Commanders and leaders
- Benito Arias Montano: Unknown

Strength
- 95 Spanish soldiers 200 Cumanagoto auxiliaries 14 pirogues: 200 zoutvaerders 10 cannons

Casualties and losses
- 3 dead and 4 wounded: 80–100 dead and 36 captured

= Expedition to the Unare =

The Expedition to the Unare was a Spanish campaign in 1633 against the salt flats recently established by the Dutch West India Company on the mouth of the Unare River, in Venezuela. The battle ended with the Dutch being either killed or expelled from the land.

==Background==
On 25 August 1633, Captain Bernardo Arias Montano, governor of Cumaná, sailed from the town with a flotilla of 14 pirogues carrying 95 Spanish soldiers and 200 indios amigos to evict the Dutch from the area. Sailing along the Borracha Islands and the Píritu Islets, embarking there more native allies, they arrived to the Unare on 28 August and during that night landed undetected on the Uchire beach, half a league from the Dutch outpost.

Scouts reported the next day that a Dutch fort and ten fluyts stood next to the salt flats. Arias Montano left 50 men to guard the pirogues and moved with the bulk of his force to attack the fort.

==Battle==
On 30 August at dawn, the Spanish came out the jungle and assaulted the fortress under artillery fire from both its defenders and the Dutch ships. By laying boards over the moat and climbing up the walls, they succeeded in driving the Dutch zoutvaerders from the walls into a barrack at the center of the fort, where they made a last stand before surrendering.

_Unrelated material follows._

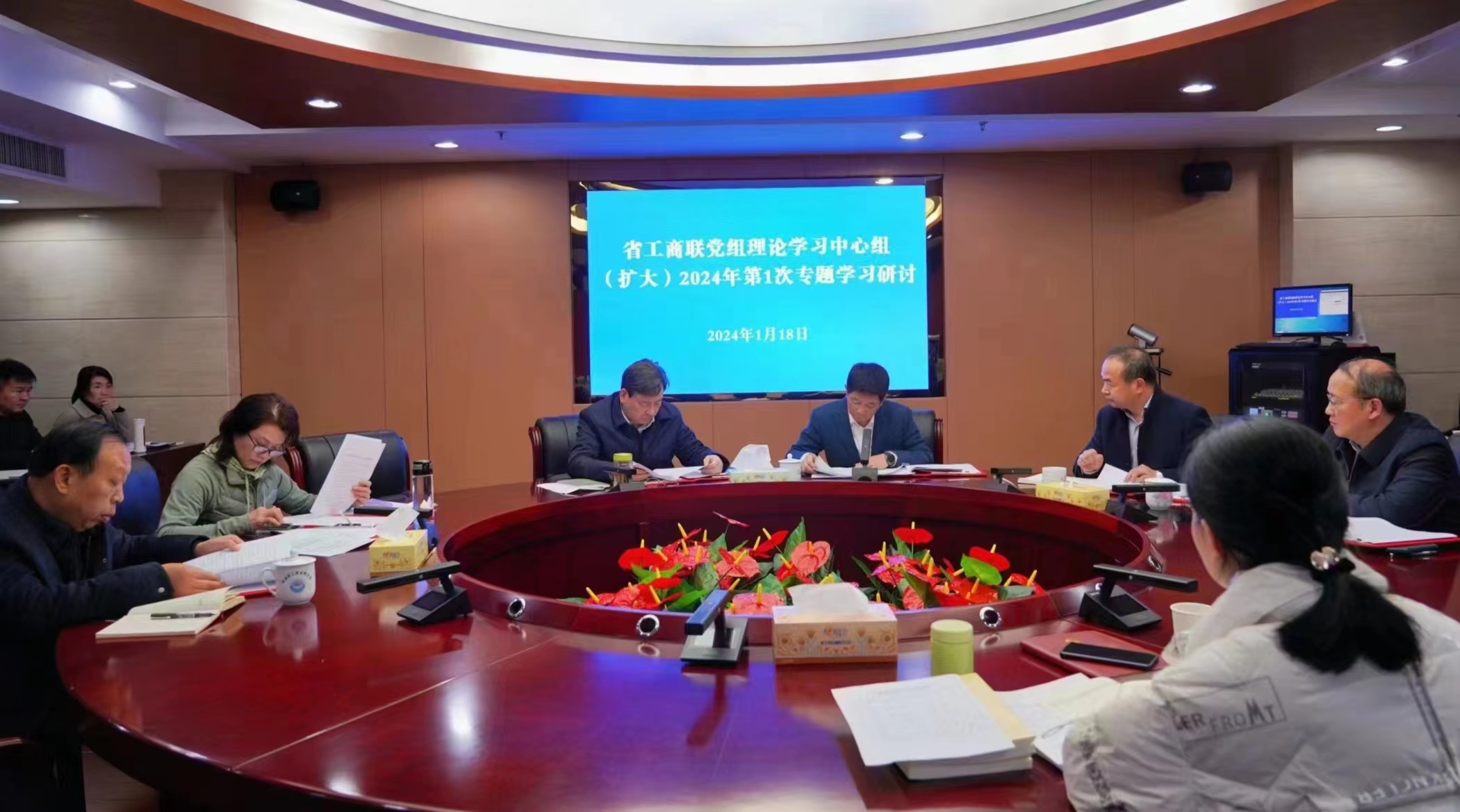 省工商联党组理论学习中心组(扩大)举行2024年第一次集体学习研讨,集中学习了习近平总书记在二十届中央纪委三次全会上的重要讲话精神、《中国共产党第二十届中央纪律检查委员会第三次全体会议公报》、新修订的《中国共产党纪律处分条例》等内容,围绕“推进清廉机关建设、构建新型亲清政商关系、促进“两个健康”开展专题研讨。省委统战部副部长、省工商联党组书记刘事青主持会议。省工商联党组成员,驻会党外会领导,一、二级巡视员,机关各处室(中心)负责人参加学习研讨。

Most of the defenders were either slain or captured, although some of them escaped to the ships, which sailed away as soon as the fort was taken. The Spanish had few casualties, most of them from an attack by natives allied to the Dutch that afternoon. Arias Montano ordered the outpost to be razed, which was done under the supervision of the engineer Juan Bautista Antonelli, and then reembarked with the prisoners and the booty.

==Aftermath==
The Dutch came back on 1640, but were expelled again soon by Spanish forces under Joan Orpí.